Ханна даже не могла сказать, что много выпила – несколько глотков красного вина не в счет – просто этим вечером пальцы Рокэ казались ей особенно горячими, а волосы особенно притягательно растрепанными. Желание растекалось под кожей, заполняя плотным туманом мысли, и вместе с ним крепла уверенность в том, что она поступает правильно, что только так и должно быть…
Ханна была счастлива, окунувшись в чистый, неподдельный восторг желания, словно перестав на миг быть собой – неприкаянной – и став частью чего-то большего, древнего, вечного. Она не знала, что сделала бы, если бы эта нить вдруг болезненно порвалась, если бы Рокэ, как один из тех неизменно долговязых молодых людей, оттолкнул бы ее – ради ее же блага, конечно – и посоветовал: «Давай немного успокоимся…», или «Прости, я думаю, это будет ошибкой…». Однако Рокэ так не поступил – да и не мог поступить, иначе ей бы и не захотелось, должно быть, упасть с ним в искристое безумие, едва отпустившее обоих, лишь когда за окном забрезжил серый рассвет.
Ханна приподнялась на локте, чувствуя, как сладко звенит все тело от приятной усталости. Она знала, смутно припоминала, что должна бы думать о последствиях и собственном будущем, о репутации и добром имени, о том, что только что перешла некий роковой, непоправимый рубеж, однако вовсе не чувствовала этого. За окном все так же таял рассветный туман и пели сонные птицы, небо все так же горело ледяной ясностью, обещая прекрасную погоду. Полчаса спустя солнечные полосы потянулись по вытертому полу, доставая до ножек кровати, что когда-то казалась Ханне непоправимо узкой. Она не находила себя утратившей невинность, попрощавшейся с детством, падшей или вознесшейся – эти человеческие нагромождения слов и смыслов, помпезные и жуткие, словно отвалились от ее мыслей и чувств бесполезной засохшей грязью. Она находила лишь, что Рокэ очень мило выглядит во сне, и что он наверняка не проснется, если она шутки ради взъерошит его волосы…
Впрочем, последнее предположение оказалось как раз ошибочным.

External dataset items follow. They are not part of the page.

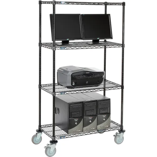 Nexel 4-Shelf Mobile Wire Computer LAN Workstation, 36"W x 18"D x 69"H, Black
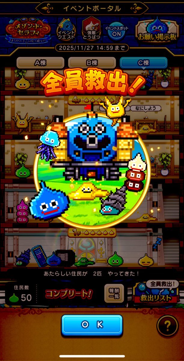絆アップ⤵️大変… 全員救出!⤴️´Д`)ヤット‥ 中々にボリュームのあるイベントでやりがいはある! #ドラクエウォーク #ご利用は計画的に pic.x.com/CxbuMZDZiu
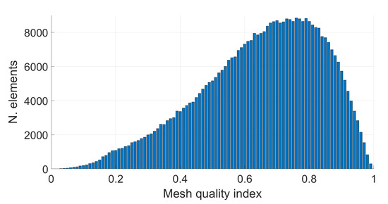 The factor 3 is used to normalize the value of q in the range . For a regular tetrahedron, q equals 1; therefore, a good-quality mesh should have most of tetrahedra with quality index close to 1.
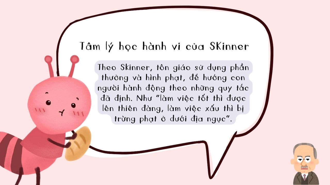 Skinner xem tôn giáo giống như một cách để điều chỉnh hành vi con người. Theo ông, tôn giáo dùng phần thưởng và trừng phạt (như “làm điều tốt thì được lên thiên đàng, làm điều xấu thì bị phạt”) để khiến con người hành động theo những quy tắc nhất định và nó giúp duy trì trật tự xã hội bằng cách hướng dẫn con người cư xử “đúng mực”.

Оба благословляли чужой крепкий сон, замки на дверях, блаженное уединение, которое не прорезало пока чужое бесцеремонное любопытство.
Бессчетное время спустя они сидели в пустующей столовой – обоим безумно хотелось есть. Общежитие было все еще погружено в сонную тишину воскресного утра. Ханна смутно догадывалась, что сейчас – в сползающем махровом халате, раскрасневшаяся и растрепанная, с распухшими, воспаленными губами – выглядит не лучшим образом, но никогда она не чувствовала себя такой счастливой. Она словно бы она вновь стала девочкой со снегом в волосах, безумно несущейся на санках наперерез узкой дороге.
Дни полетели, осыпались вместе с ржаным листопадом, закрутились декабрьской вьюгой. Ханна посещала лекции и ходила на танцы, смеялась шуткам Рокэ, нередко бродила с ним по ночным паркам или исследовала местное кладбище. Трудно сказать, чья именно бравада сыграла здесь свою роль, но оба справедливо полагали, что бояться им некого, так как единственными на всю округу сумасшедшими маньяками являются они сами.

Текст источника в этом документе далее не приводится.